In recent times, the increase in population has led to the generation of
more wastes such as the rice husk, thereby necessitating the need for
proper management of these wastes. It is however worthy of note that
there is yet to be adequate awareness on the usefulness of these
aforementioned wastes in Nigeria, in other words, little or no
importance is attached to them. The practice of incinerating them to ash
and adopting them as admixtures in stabilized soils due to their
pozzolanic values has enhanced their economic value[23]. Also, for greater efficiency in management
of time and manpower, the need for developing models in predicting
California bearing ratio (CBR) an important parameter in road
construction has become imperative. This is expected to address the
problems of unnecessary delays at the laboratories and human errors,
which can negatively impact on the project.
Materials and Methods
Materials The materials used were: rice husk ash, soil samples,
ordinary Portland cement and water.
Rice Husk Ash (RHA): The rice husk ash was burnt in open
atmosphere and the black ashes obtained were heated in an air tight
furnace for 6 hours at 10000C to obtain a white
coloured ash.
Soil Sample: Soil Sample was collected along Oye-Ekiti –
Isan-Ekiti Road, Nigeria at a depth not less than 1.2m below the ground
level at 5 different points of about 3m apart using the disturbed
sampling technique. It was brought to the soil laboratory and marked
indicating the soil description, sampling depth and date of sampling.

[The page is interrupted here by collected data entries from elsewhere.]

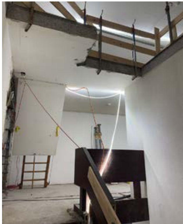
Durchbruch zum Estrich

Im Dezember 2024 begannen die Arbeiten in unseren Gesellschaftsräumlichkeiten. Der Abbruch ging zügig vorwärts und die Einbauten wurden sauber getrennt und entsorgt. Wie bei einem Umbau üblich, gab es aber doch einige Überraschungen, die die Arbeiten verzögerten. In den meisten Räumen wurden Vorsatzwände aus Gips- und Backstein gefunden, welche aus konstruktiven Gründen entfernt werden mussten. Diese Arbeiten dauerten leider länger als geplant, weshalb der Abbruch die anderen Arbeiten verzögerte. Das Positive ist, dass die Räume im 3. Obergeschoss nun grösser werden. Diesen zusätzlichen Platz nehmen wir gerne an! Im Februar wurden die grossen Eingriffe im Beton vorgenommen und die drei Fenster zur zu-
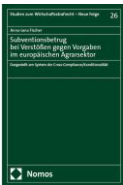
Subventionsbetrug bei Verstößen gegen Vorgaben im europäischen Agrarsektor Ladenpreis: 127,50EUR
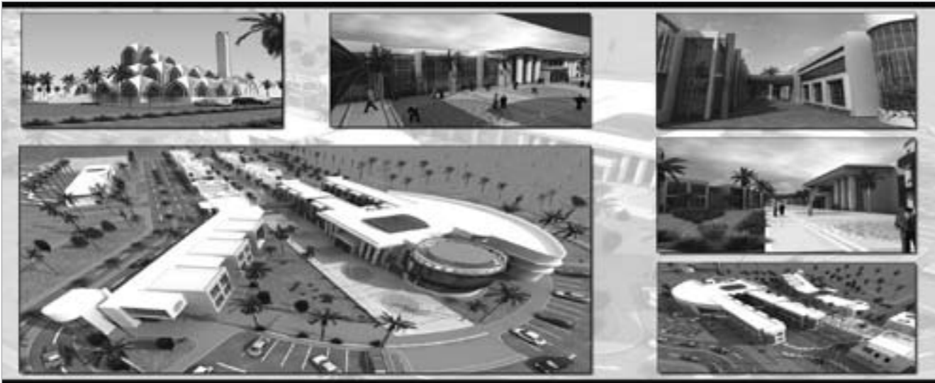
تصاميم إنشائية لمجمع الخدمات الزراعية
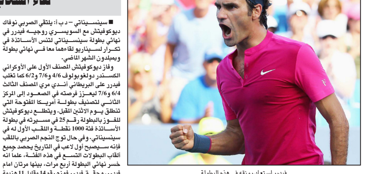
فيدرر استعاد رونقه في هذه البطولة
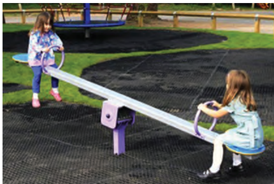
شکل ۴- الاکلنگ

تجهیزات نوسانی یا الاکلنگ: تجهیزاتی هستند که می‌توانند توسط استفاده کننده به حرکت درآیند و عموماً توسط یک جزء که حول یک تکیه‌گاه مرکزی نوسان می‌کند، قرار می‌گیرند (شکل ۴). انواع الاکلنگ شامل نوع محوری، یک نقطه‌ای، چند نقطه‌ای، نوسانی و جارویی است.
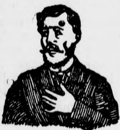
Megfójt ez az átkosult köhögés.

KÖHÖGÉS, REKEDTSÉG és elnyálkásodás ellen gyors és biztos hatásuak
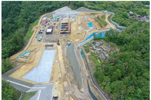
トンネル工（坑口側ヤード）
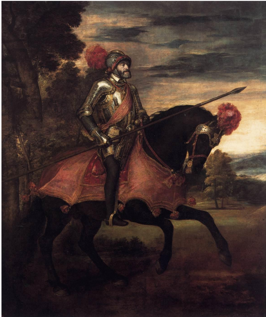
Tizian: Portrét Karola V. v Mühlbergu (16.st.)
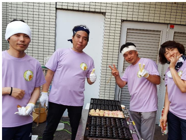
盆踊り大会（たこ焼き屋台）

The soil sample was air-dried for two weeks to allow for partial
elimination of natural water content which may affect the analysis, then
sieved with sieve no 4 (4.75mm opening) to obtain the final soil sample
for the tests. After the drying period of two weeks, lumps in the sample
were pulverized under minimal pressure.
Ordinary Portland Cement: This was obtained from a cement
store.
Water: The water used was obtained from the running taps in the
laboratory, the source was borehole. Distilled water was not used so as
to obtain results that would reflect in-situ conditions.